> _HOW TO COMPLETE THIS TASK_: Within the entries below, please return exactly the lines from the one with "Simon Gotch at" through the one with "This one of", leaving out any pictures.

> _ENTRIES PROVIDED_:
=======
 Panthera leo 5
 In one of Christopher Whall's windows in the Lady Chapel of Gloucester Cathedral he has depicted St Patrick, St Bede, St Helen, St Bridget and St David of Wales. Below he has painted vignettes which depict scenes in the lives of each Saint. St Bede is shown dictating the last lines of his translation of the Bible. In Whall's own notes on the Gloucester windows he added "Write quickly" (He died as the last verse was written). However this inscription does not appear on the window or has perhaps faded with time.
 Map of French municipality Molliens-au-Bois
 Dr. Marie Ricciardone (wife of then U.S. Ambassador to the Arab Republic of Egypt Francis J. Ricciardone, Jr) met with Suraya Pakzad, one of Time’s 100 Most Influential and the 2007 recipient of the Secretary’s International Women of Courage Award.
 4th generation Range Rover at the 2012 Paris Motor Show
=======
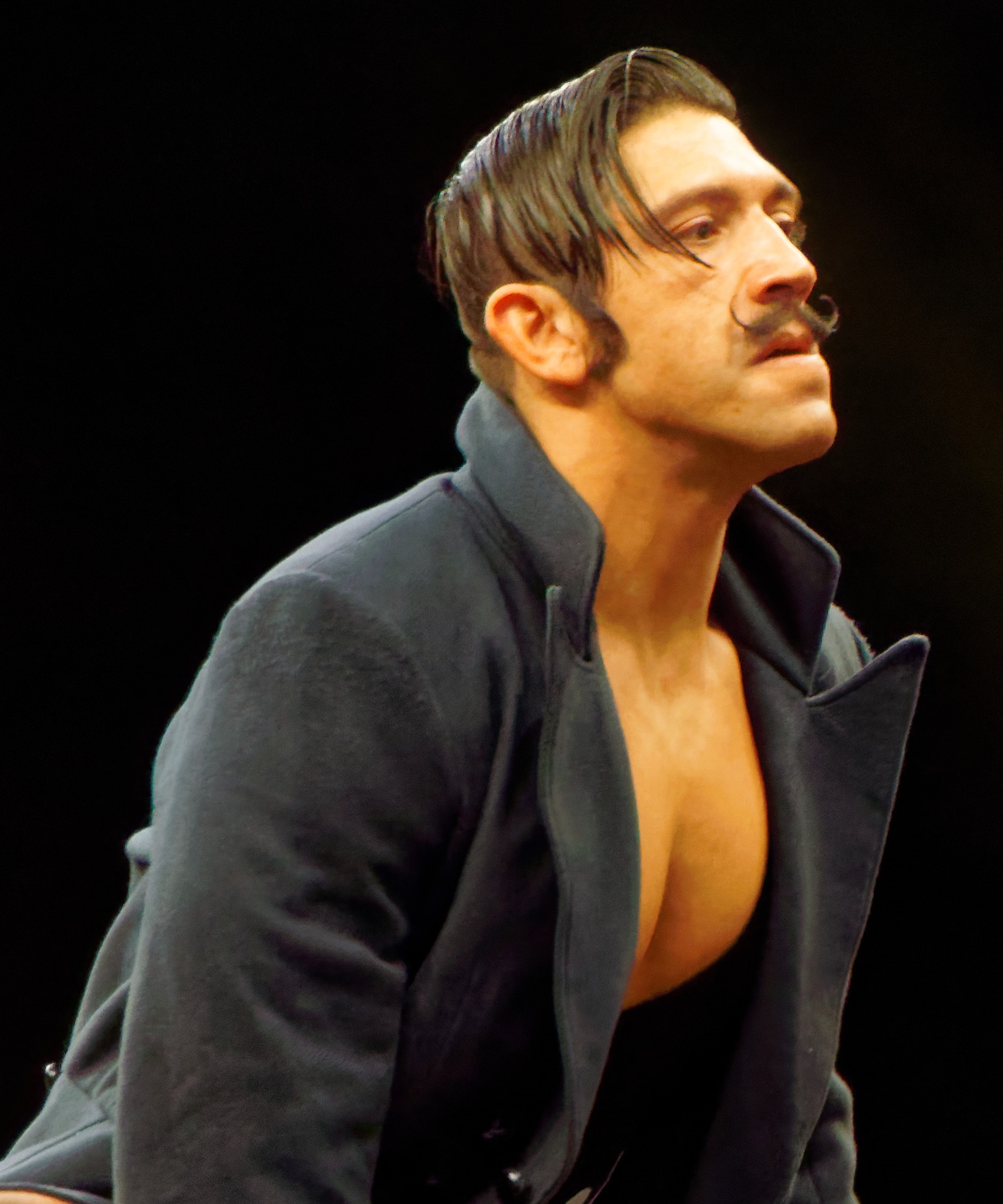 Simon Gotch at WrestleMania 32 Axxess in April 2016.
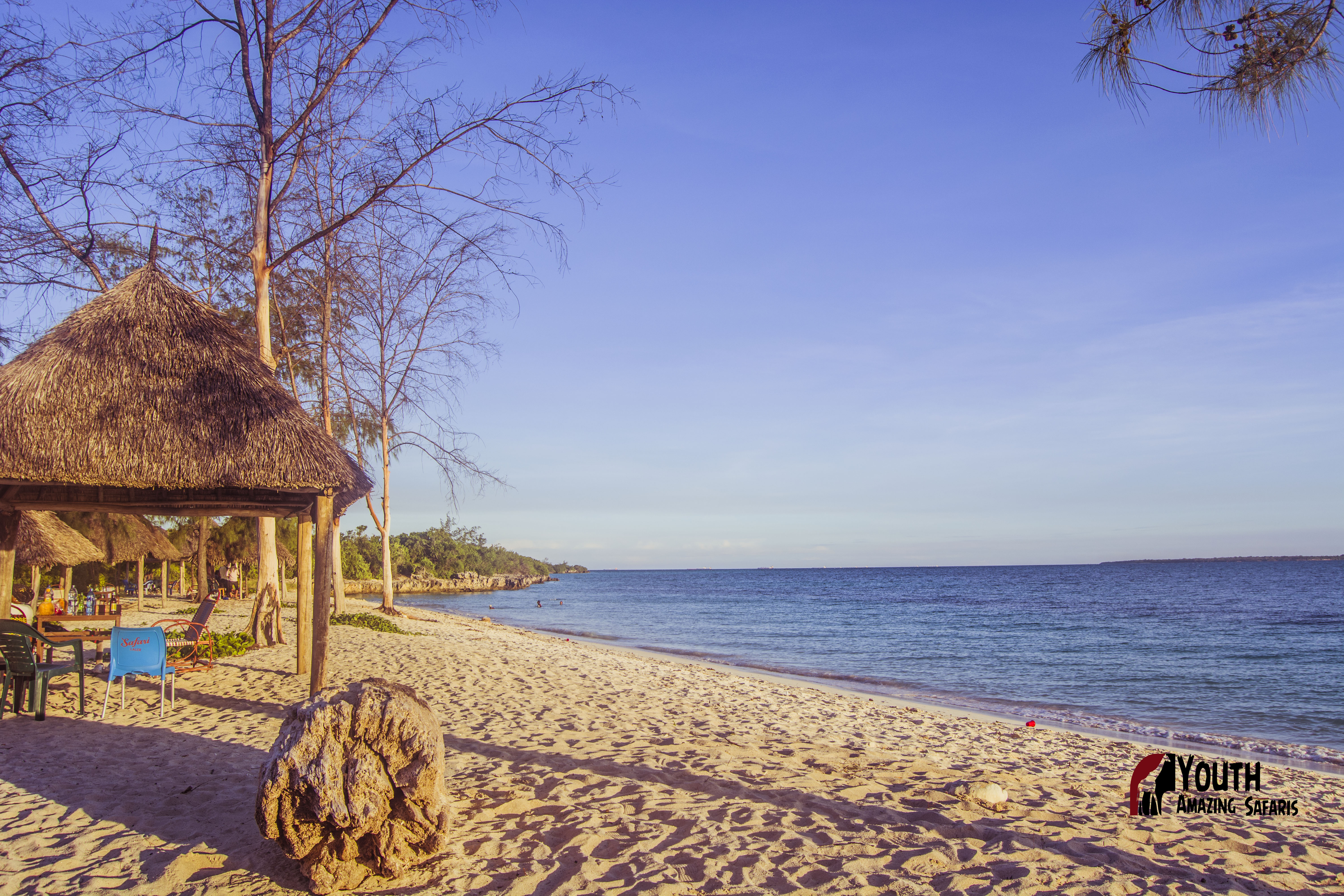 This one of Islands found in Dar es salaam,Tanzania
=======
> _REPLY_:
 Simon Gotch at WrestleMania 32 Axxess in April 2016.
 This one of Islands found in Dar es salaam,Tanzania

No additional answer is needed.